In den Vereinigten Staaten klassifiziert und reguliert die Food and Drug Administration die meisten Deodorants als Kosmetika , stuft Antitranspirantien jedoch als rezeptfreie Medikamente ein .

Das erste kommerzielle Deodorant, Mum , wurde Ende des 19. Jahrhunderts von einer Erfinderin in Philadelphia , Pennsylvania , Edna Murphey , eingeführt und patentiert . In den USA wurde das Produkt kurzzeitig vom Markt genommen. Die moderne Formulierung des Antitranspirants wurde am 28. Januar 1941 von Jules Montenier patentiert . Diese Formulierung wurde erstmals im Deospray Stopette gefunden, das vom Time Magazine als das meistverkaufte Deodorant der frühen 1950er Jahre bezeichnet wurde.

Die Verwendung von Deodorants mit Aluminiumverbindungen steht im Verdacht, mit Brustkrebs in Verbindung gebracht zu werden, aber die Forschung hat keinen solchen Zusammenhang nachgewiesen.

Überblick

Der menschliche Körper produziert Schweiß (Schweiß) über zwei Arten von Schweißdrüsen : ekkrine Schweißdrüsen, die einen Großteil der Haut bedecken und wässrigen, geruchlosen Schweiß produzieren, und apokrine Schweißdrüsen in den Achselhöhlen und in der Leiste , die einen öligeren "schweren" Schweiß produzieren, der ein Anteil von Abfällen Proteine , Fettsäuren und Kohlenhydrate , das sein kann metabolisiert bakteriell Verbindungen , die Ursache zu erzeugen , Körpergeruch . Neben der Vagina produziert Sekrete , die keine Form von Schweiß, sondern kann mit Deodorants unerwünscht und auch maskiert werden.

Menschlicher Schweiß aller Art ist weitgehend geruchlos, bis seine organischen Bestandteile von Bakterien fermentiert werden , die in heißen, feuchten Umgebungen gedeihen.
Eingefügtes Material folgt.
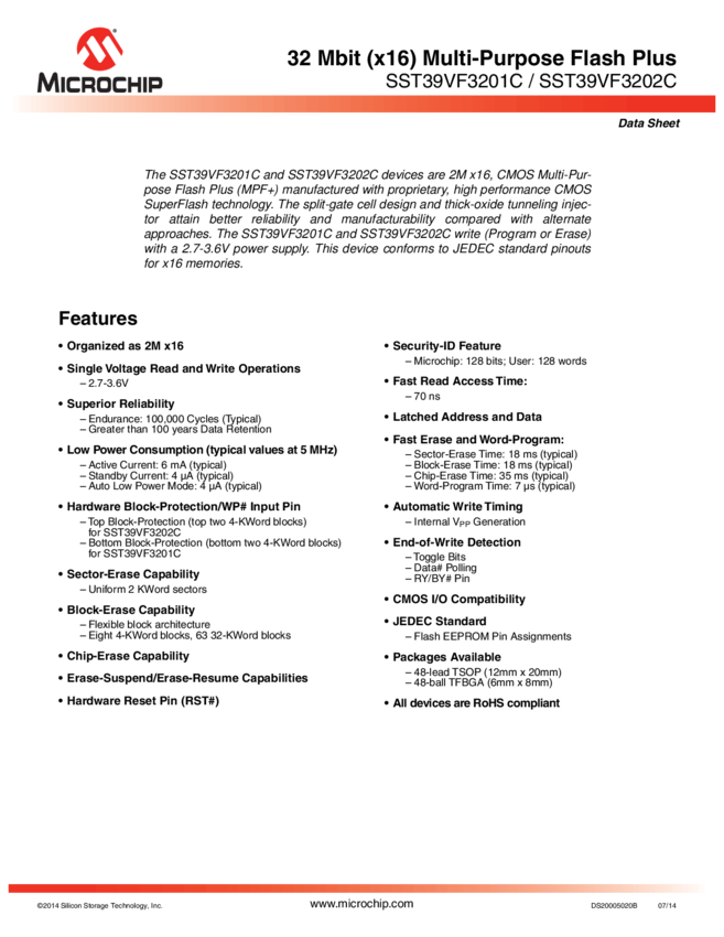 32 Mbit (x16) Multi-Purpose Flash Plus - SST39VF3201C / SST39VF3202C (07/25/2014)

Die menschliche Achselhöhle gehört zu den am beständigsten warmen Bereichen der menschlichen Körperoberfläche, und Schweißdrüsen liefern leicht Feuchtigkeit mit einem Anteil an organischer Substanz, die, wenn sie ausgeschieden wird, eine lebenswichtige Kühlwirkung hat. Wenn die Achselhöhlen von Erwachsenen mit alkalischer pH-Seife gewaschen werden , verliert die Haut ihren Säureschutzmantel (pH 4,56), was den pH-Wert der Haut erhöht und die Hautbarriere zerstört. Viele Bakterien sind an die leicht alkalische Umgebung im menschlichen Körper angepasst, sodass sie in dieser Umgebung mit erhöhtem pH-Wert gedeihen können. Dadurch wird die Haut mehr als gewöhnlich anfällig für bakterielle Besiedlung. Bakterien auf der Haut ernähren sich von den Abfallproteinen und Fettsäuren im Schweiß der apokrinen Drüsen sowie von abgestorbenen Haut- und Haarzellen und setzen trans-3-Methyl-2-hexensäure in ihren Abfallstoffen frei, die die Hauptursache für Körpergeruch ist .
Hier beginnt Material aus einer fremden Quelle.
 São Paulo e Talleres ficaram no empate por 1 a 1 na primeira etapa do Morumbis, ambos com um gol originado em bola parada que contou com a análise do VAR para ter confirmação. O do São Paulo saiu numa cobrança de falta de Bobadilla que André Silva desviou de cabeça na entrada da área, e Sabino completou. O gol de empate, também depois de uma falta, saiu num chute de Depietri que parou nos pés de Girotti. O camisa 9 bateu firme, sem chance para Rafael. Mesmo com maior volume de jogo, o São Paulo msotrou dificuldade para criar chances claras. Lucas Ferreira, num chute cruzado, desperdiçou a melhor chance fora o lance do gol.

Achselhaare leiten die Feuchtigkeit von der Haut ab und helfen dabei, die Haut trocken genug zu halten, um eine bakterielle Besiedlung zu verhindern oder zu verringern. Das Haar ist weniger anfällig für Bakterienwachstum und reduziert daher Bakteriengeruch. Die apokrinen Schweißdrüsen sind bis zur Pubertät inaktiv , weshalb sich Körpergeruch oft erst zu diesem Zeitpunkt bemerkbar macht.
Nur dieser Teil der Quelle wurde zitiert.